On June 8, Kansas Gov. Sam Brownback discusses the frustrations of being forced to call a special session of the Legislature to prevent schools from being closed.

On June 8, Kansas Gov. Sam Brownback discusses the frustrations of being forced to call a special session of the Legislature to prevent schools from being closed.

Kansas cut taxes, California raised them. What happened?

  • News Analysis By Jim Tankersley and Max Ehrenfreund The Washington Post
  • Saturday, June 18, 2016 6:24pm
  • Local NewsNation / world

In 2012, voters in California approved a measure to raise taxes on millionaires, bringing their top state income tax rate to 13.3 percent, the highest in the nation. Conservative economists predicted calamity, or at least a big slowdown in growth. Also that year, the governor of Kansas signed a series of changes to the state’s tax code, including reducing income and sales tax rates. Conservative economists predicted a boom.

Neither of those predictions came true. Not right away — California grew just fine in the year the tax hikes took effect — and especially not in the medium term, as new economic data showed last week.

Now, correlation does not, as they say, equal causation, and two examples are but a small sample. But the divergent experiences of California and Kansas run counter to a popular view, particularly among conservative economists, that tax cuts tend to supercharge growth and tax increases chill it.

California’s economy grew by 4.1 percent in 2015, according to new numbers from the Bureau of Economic Analysis, tying it with Oregon for the fastest state growth of the year. That was up from 3.1 percent growth for the Golden State in 2014, which was near the top of the national pack.

The Kansas economy, on the other hand, grew 0.2 percent in 2015. That’s down from 1.2 percent in 2014, and below neighboring states such as Nebraska (2.1 percent) and Missouri (1.2 percent). Kansas ended the year with two consecutive quarters of negative growth — a shrinking economy. By a common definition of the term, the state entered 2016 in recession.

Other effects of the Kansas tax cuts, which were meant to spur entrepreneurship, are well-documented.

While state officials anticipated that the reductions would create a shortfall in the state budget, tax revenues have been consistently below even those expectations. Standard &Poor’s and Moody’s Investors Service have signaled that they could reduce Kansas’s credit rating, indicating there is a chance the state cannot pay its bills.

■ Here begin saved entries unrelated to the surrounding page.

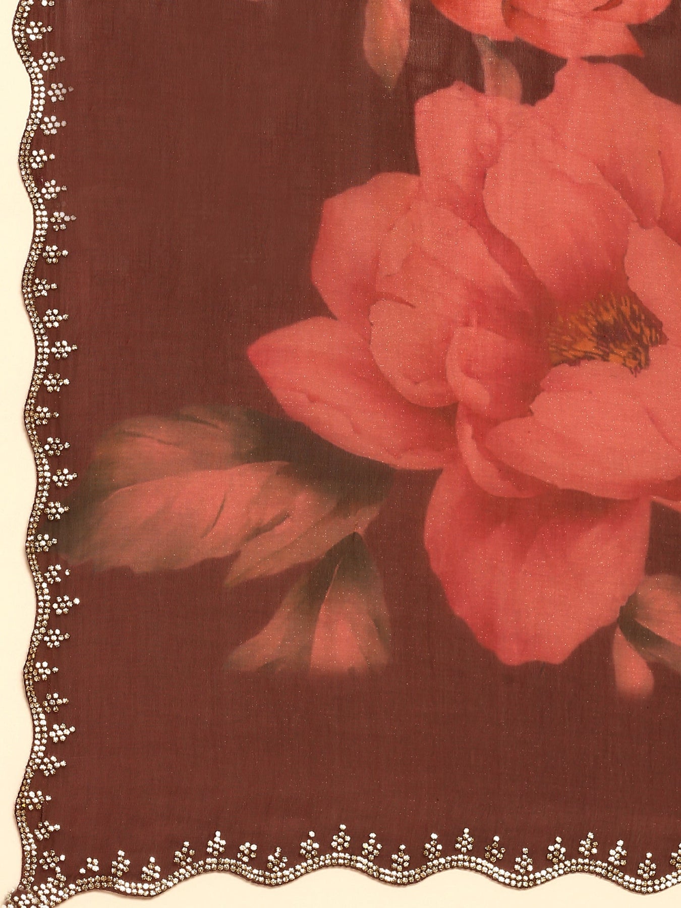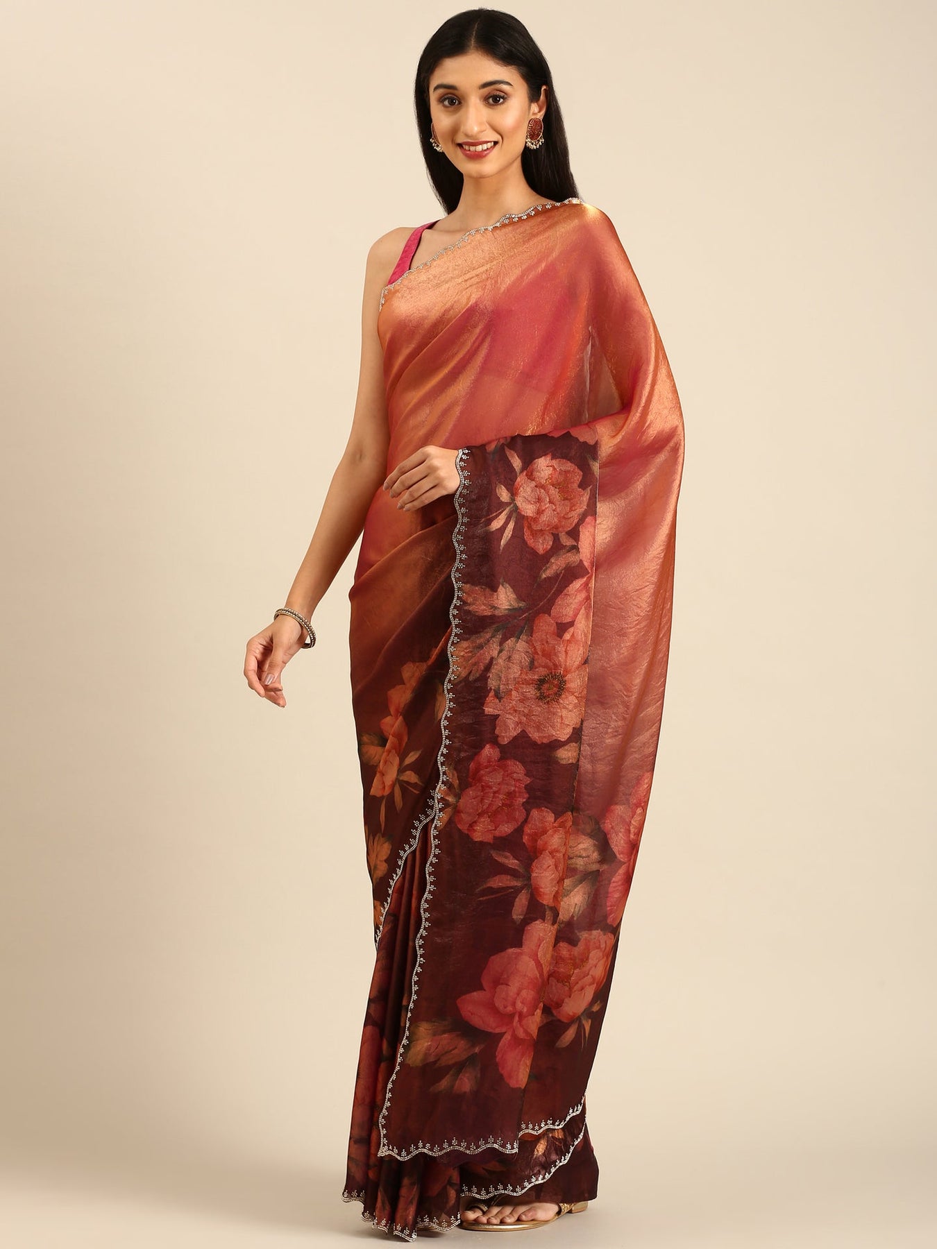 Celebrate elegance with this Gold & Maroon floral printed Jimmy tissue saree, beautifully enhanced by delicate Swarovski embroidery. The lightweight Jimmy tissue fabric ensures comfortable wear, while the intricate floral design and sparkling accents add a refined charm to your ensemble. Perfect for special occasions, this saree combines traditional craftsmanship with a touch of glamour to help you shine effortlessly.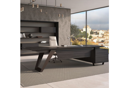 Мебель премиум-класса для кабинета руководителя разработана с учетом тенденций мирового современного дизайна и выполнена из натуральных высококачественных материалов - шпон ценных пород дерева, кожа, металл.
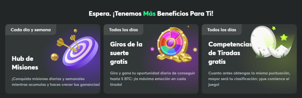 Otras promociones especiales de BCGame para Argentina además del bono para casino son las ofertas para eventos deportivos importantes o para juegos exclusivos. Este tipo de ofertas incluyen principalmente apuestas gratuitas y giros gratis. Pero también existe la Rueda de la Suerte por premios en metálico.

The shortfalls have forced Republican Gov. Sam Brownback and lawmakers to make additional adjustments. The state canceled the initial reduction in sales taxes, then increased them again, while delaying additional scheduled reductions in the income tax.

On the whole, Brownback’s policies modestly increased taxes for the poor and working class, who pay more in sales taxes than income taxes, while reducing taxes drastically for the rich.

The poorest 20 percent of households — those making less than $23,000 a year — are paying about $200 more, on average, according to an analysis by the Institute on Taxation and Economic Policy in Washington. For the middle class, the changes have been a wash, with less-affluent households paying somewhat more and more-affluent households giving up a little less.

Meanwhile, the wealthiest 1 percent of households, those making at least $493,000 a year, are saving an average of $25,000.

Kansas’s gross domestic product is still less than it was at the end of 2011, said Menzie Chinn, an economist at the University of Wisconsin, who has been following Kansas’s economy. Meanwhile, the economy in the rest of the country continues to expand.

“It’s remarkable,” Chinn said.

It is perhaps less remarkable — or surprising — that California has powered along. The recovery nationwide has favored massive metropolitan areas stocked with high-skilled workers, which is to say places such as Los Angeles, San Jose and San Francisco. The damage from California’s deep housing crash has slowly healed in places such as the Central Valley.

Still, the noncoastal regions of California lag far behind Silicon Valley and Los Angeles in their job and growth recoveries. The state’s median income remains below pre-recession levels after adjustment for inflation, although it still beats the national average.

Few, if any, economists would say today that the recovery has been sufficient for all Californians. But almost no one can say that raising taxes on the rich killed that recovery. Or that given a choice between the two states’ economic performances over the past few years, you’d rather be Kansas.